As I mentioned at the beginning his foot-washing was an act of love. Knowing that his time remaining was limited Jesus gave the disciples a “new commandment, that you love one another. Just as I have loved you, you also should love one another. By this everyone will know that you are my disciples, if you have love for one another” (Jn 13:34-35). It is the entire gospel message summed up in one word....LOVE. Love for one another as well as for God. Without love the words of Christ would simply not be worth the paper they are written on.
When we share in the Eucharist tonight we are sharing with one another the ultimate act of love that God has given to us. We share in the context of community what it means to take of Christ’s body and blood. We cannot truly love in isolation, as though we are in a kind of spiritual bubble. It is something that requires us to develop a relationship with others in order to flourish and grow. The depth of love that god has for us is the perfect model by which we can aspire to love others as he has loved us. Out of our own experience of God’s love for us we can reflect that love back to God as well as to others.....a sort of mirror if you like.
And we experience that love most fully in the Eucharist or whatever other name you choose to call it by, Holy Communion, The Lord’s Supper or The Breaking of Bread. Jesus is present in a very real and powerful way as he gives of himself to us. By partaking of him in this sacrament we in a sense become Jesus to others. In our final session of the Lent course we heard a quote from the American theologian Jim Wallis. He said:
“We break the bread and we pour the wine, drink the wine-then we go out in the world and we BECOME the bread and the wine. We BECOME that sacrament in the world. We celebrate and then we go out and we enact that sacrament in the way we live our lives in the world”.
It is through Christ within us.....each and every one of us, that others are able to experience the depth of love and grace that he has for all. We are the hands, the feet, and the body of Christ. When people look at us they see hopefully, a community of people who are very far from perfect, but who seek as much as we can to stand up for the weak, speak out for the oppressed and feed the hungry.

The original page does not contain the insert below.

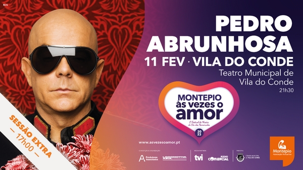 A um mês do arranque do Festival “Montepio às vezes o amor”, é anunciado um novo concerto de Pedro Abrunhosa. A primeira sessão marcada para o Teatro Municipal de Vila do Conde às 21H00 esgotou em tempo recorde e, por consequência, surge uma nova sessão às 17H00 para acolher todos aqueles que queiram celebrar o fim de semana dos namorados ao som das músicas que marcaram a sua vida.

It is worth remembering the words of John in one of his letters:
“Beloved, let us love one another, because love is from God, everyone who loves is born of God and knows God. Whoever does not love does not know God, for God is love. God’s love was revealed among us in this way: God sent his only Son into the world so that we might live through him. In this is love, not that we loved God but that he loved us and sent his Son to be the atoning sacrifice for us. (1 John 4 : 7-10)
John reminds us that it is through God reaching out to us in love, and firmly rooting the sacrifice of Jesus as something borne out of that love that we are able to be reconciled to God. The whole idea of the atonement by which we are reconciled through Jesus comes purely out of his endless love. It is God reaching out to us in divine love, rather than us reaching out to God that is the key here. Only through his love are we able to truly know what it is to live because when we reach out to others in love they may see something (even if it only a small glimmer) of God in us.
So, as we partake of our Lord’s body and blood this evening, and as we allow him to wash our feet.....may we do so in the full knowledge, and deepest gratitude that we do so because he first loved us. And may we sit with him, even if only for an hour or so in the garden as we await the terrible events of tomorrow, but let us not forget that Sunday is only just around the corner.